You are such an entertainer. The songs, the dances - whether its imitating steps while watching the latest Bollywood chart toppers on TV or singing "Saas gali dewe, te samjha samjha dewe" or singing "jai jai sai, jai jai sai" yourself and clapping and dancing to the the same, no one can help but smile at this charming little two year old, that's you. You make Vansh too laugh out so loud when you we ask you "papa kahaan gaye" and you reply "dance karne" or when I ask you "Jiya ko itna badmaash kisne banaya" and you say "Chacha ne" or when you sing "Happy jai jai jai jai" instead of "Happy Birthday to you." And all of this you do with much elaan as if you know so well that all that you are doing is being appreciated by the captivated audience.

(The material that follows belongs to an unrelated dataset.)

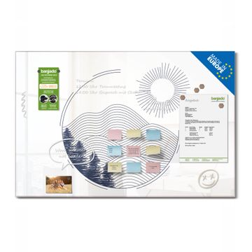 Auf der glatten Glasoberfläche lassen sich Termine, Rezepte oder Notizen ganz einfach mit Kreidestiften festhalten und rückstandslos entfernen. Starke Neodym-Magnete halten Ihre wichtigsten Erinnerungen sicher an Ort und Stelle. So entsteht Ihre ganz persönliche Ideenwand - jeden Tag neu.

You follow your big brother like an idol. So wanting water, not wanting water, wanting to eat chau (rice), not wanting to eat chau, wanting to drink froma sipper/cup/bottle, wanting to go potty, wanting the same red block - all happen in pairs. The result is hilarious at times and hair pullingly frustrating at others. But I have to tell you something. While I would like to be absolutely fair to both you and Vansh, many a times in order to maintain oeace when VAnsh is in a good mood, I do tell him to let you have your way. Most of the times he is pretty good about it. At others he does so grudgingly shotuing "Jiya gandi ladki hai." but he loves you to bits. Yesterday in part frustartion and part inquisitiveness as to how he would react, I offered to him to take you back and leave you in the hospital. In his way with clenched teeth and a voice which came out with a lot of force, which in my style would translate to an extremely teary eyed response, he said "Jiya acchhi lagti hai. USe mat chhod ke aao" (I like Jiya a lot, don't leave her in the hospital).

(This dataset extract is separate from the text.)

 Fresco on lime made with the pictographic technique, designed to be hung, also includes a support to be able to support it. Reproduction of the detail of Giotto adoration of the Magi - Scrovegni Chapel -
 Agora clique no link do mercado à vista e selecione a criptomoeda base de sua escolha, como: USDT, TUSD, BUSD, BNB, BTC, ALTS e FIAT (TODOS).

Whatever catches your fancy, you decide to do it innumerable times in day. So a while back it was playing with the magnetic letters which you demanded to be taken out the first thing in the morning and the last thing at night., then it was Vansh's transport puzzle and now the latest obsession is Leap Frogs' Letter Factory and Word Factory DVD's. You watch them at least 3 times in a day if not more.

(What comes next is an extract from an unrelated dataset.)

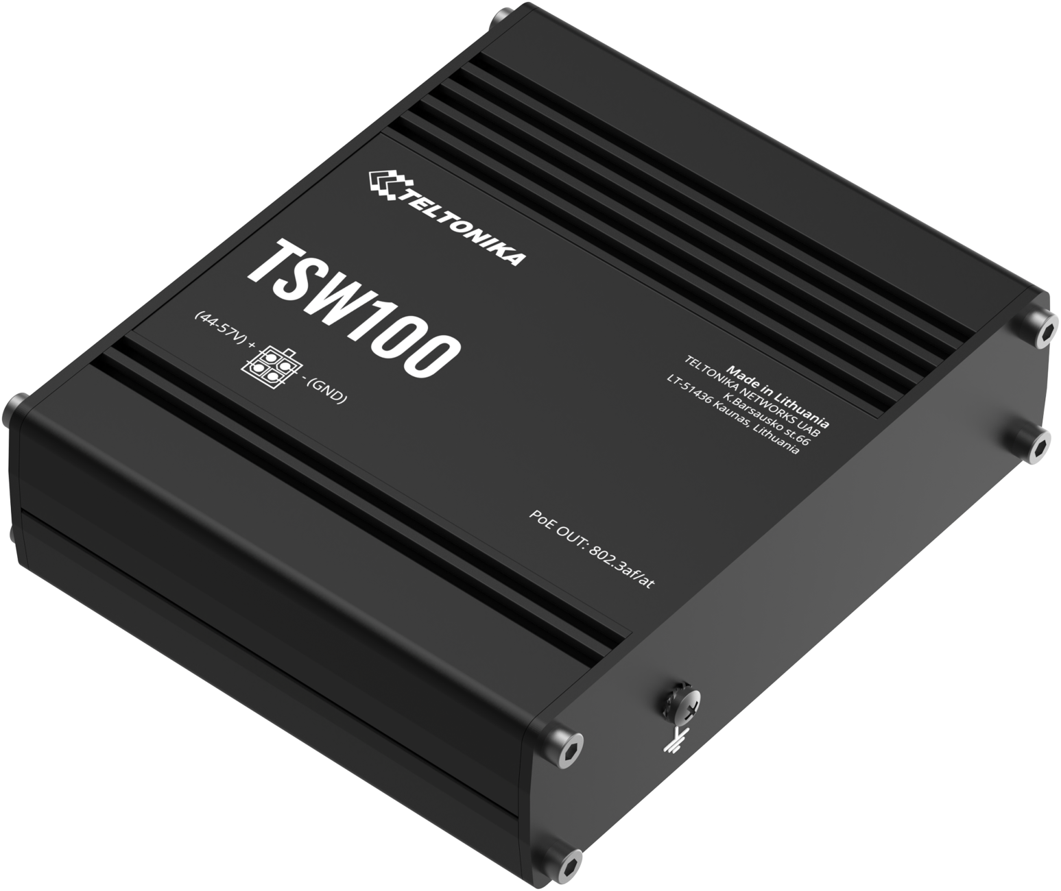 TSW100 ist der erste industrielle unmanaged Switch von Teltonika Networks. Ausgestattet mit fünf Gigabit-Ethernet-Ports, von denen vier die Standards IEEE802.3af und IEEE802.3at Power-over-Ethernet (PoE) unterstützen. Als Stromquellengerät (PSE) klassifiziert, ermöglicht es die Zentralisierung der Stromversorgung, liefert bis zu 30 Watt pro Port und reduziert den Aufwand für die Strominstallation. Es verfügt über 10/100/1000 Mbit/s-Ethernet-Ports für eine wirtschaftliche Lösung mit hoher Bandbreite. Ideal für professionelle Anwendungen mit hoher Bandbreite, die beides bieten: zuverlässige Datenverbindung und Stromversorgung.

And now the most special to me - I love the way you love me. I love the way you get me whatever it is that you are eating when I am in the kitchen and insist that I eat it from your hand, the way you ask for me first thing in the morning when yiu wake uo and walk out the door, the way you keep showering me with sloppy kisses and hugs and singing "I like mamma" as you do that, the way you look at me when I am feeling low as if you understand everything and then come close to me and cuddle and put your little face in the hollow of my neck. I love you sweetheart for all that and more. And I wish for you the very best always. I look forward to mothering you for yet another fun filled and eventful year for I know that it sure is going to be a big one. I wish for it to be filled with wonderful moments, loads and loads of love and happiness and joys.